A Fear She Didn’t Expect to Have
Later in the same call, the conversation shifts — and a different side of Mackenzie surfaces. Thinking ahead to a future she cannot fully picture, she tells her mother she is afraid of who she will be if and when she is ever released.
“I’m just thinking about how I’m just gonna be like old when I get out of jail,” she says. “And like, I don’t know, like I’m not gonna be able to have kids or like a family.”
It is a moment of vulnerability that lands strangely after what came before it — a young woman grieving a future she may never have, spoken in the same breath as a refusal to accept any responsibility for why she is where she is.
Back in the Spotlight
The case has resurfaced in the public conversation following Netflix’s release of The Crash on May 15 — a documentary that brings together interviews from both Shirilla’s family and the families of Dominic Russo and Davion Flanagan, offering two very different versions of the same story.

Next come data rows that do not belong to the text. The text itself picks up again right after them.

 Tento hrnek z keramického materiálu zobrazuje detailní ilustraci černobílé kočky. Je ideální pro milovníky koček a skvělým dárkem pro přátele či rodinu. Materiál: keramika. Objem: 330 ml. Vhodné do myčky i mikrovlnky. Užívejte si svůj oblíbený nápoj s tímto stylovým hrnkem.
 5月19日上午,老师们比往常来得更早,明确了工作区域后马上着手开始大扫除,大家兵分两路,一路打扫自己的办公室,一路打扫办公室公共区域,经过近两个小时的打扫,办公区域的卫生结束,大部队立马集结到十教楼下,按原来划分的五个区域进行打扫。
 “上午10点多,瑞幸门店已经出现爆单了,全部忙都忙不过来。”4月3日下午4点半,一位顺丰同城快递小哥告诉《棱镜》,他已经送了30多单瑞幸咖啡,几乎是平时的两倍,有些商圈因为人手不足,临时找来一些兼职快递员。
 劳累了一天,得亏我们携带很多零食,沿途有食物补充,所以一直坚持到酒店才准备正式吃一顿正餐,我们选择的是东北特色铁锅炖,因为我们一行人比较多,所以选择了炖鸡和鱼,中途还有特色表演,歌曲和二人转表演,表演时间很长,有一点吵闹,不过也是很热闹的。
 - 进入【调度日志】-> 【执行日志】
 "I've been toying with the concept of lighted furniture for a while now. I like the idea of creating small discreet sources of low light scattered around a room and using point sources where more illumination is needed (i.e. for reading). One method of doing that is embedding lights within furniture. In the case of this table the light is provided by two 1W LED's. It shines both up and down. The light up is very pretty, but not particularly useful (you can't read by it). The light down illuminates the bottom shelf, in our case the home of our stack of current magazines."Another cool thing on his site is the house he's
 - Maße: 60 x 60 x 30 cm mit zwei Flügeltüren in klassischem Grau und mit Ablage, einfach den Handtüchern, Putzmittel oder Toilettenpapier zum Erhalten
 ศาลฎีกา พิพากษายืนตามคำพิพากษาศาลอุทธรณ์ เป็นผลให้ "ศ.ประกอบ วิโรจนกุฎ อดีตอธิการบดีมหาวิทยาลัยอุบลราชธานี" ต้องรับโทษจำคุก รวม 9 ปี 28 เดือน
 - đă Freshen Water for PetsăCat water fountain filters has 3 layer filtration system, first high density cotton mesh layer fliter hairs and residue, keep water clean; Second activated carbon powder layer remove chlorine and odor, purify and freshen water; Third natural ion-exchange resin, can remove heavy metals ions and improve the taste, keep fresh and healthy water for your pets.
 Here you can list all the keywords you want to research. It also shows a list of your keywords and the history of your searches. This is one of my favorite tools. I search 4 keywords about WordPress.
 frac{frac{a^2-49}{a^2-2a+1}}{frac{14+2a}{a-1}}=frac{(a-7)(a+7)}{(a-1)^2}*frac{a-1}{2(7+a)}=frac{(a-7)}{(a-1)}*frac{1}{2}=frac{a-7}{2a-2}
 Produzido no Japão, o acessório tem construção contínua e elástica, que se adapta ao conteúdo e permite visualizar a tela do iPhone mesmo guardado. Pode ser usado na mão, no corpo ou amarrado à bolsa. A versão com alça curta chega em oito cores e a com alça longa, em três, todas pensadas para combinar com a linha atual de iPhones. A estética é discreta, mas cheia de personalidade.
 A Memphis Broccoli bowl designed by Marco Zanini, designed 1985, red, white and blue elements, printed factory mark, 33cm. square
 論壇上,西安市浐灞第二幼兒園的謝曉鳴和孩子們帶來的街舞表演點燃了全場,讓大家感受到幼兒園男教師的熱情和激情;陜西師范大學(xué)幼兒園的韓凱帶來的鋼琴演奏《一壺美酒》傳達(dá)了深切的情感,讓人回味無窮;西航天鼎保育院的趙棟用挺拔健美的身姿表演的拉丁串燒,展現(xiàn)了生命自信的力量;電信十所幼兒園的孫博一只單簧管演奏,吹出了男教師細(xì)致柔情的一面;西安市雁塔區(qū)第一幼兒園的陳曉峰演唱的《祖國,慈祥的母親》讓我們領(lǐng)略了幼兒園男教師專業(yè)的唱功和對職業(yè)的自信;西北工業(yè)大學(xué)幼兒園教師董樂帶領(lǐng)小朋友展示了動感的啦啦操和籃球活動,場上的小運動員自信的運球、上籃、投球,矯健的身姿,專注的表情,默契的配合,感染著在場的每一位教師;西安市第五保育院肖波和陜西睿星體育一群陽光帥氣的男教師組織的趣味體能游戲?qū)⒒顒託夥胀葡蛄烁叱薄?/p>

Mackenzie and her family have never wavered in their position that the crash was a medical accident, caused by a blackout episode linked to postural orthostatic tachycardia syndrome.
The judge who heard the evidence did not agree. Neither did the appeals court that reviewed the case.
And on a jail call that was never meant to be heard by the public, Mackenzie Shirilla made clear she still does not believe any of it applies to her.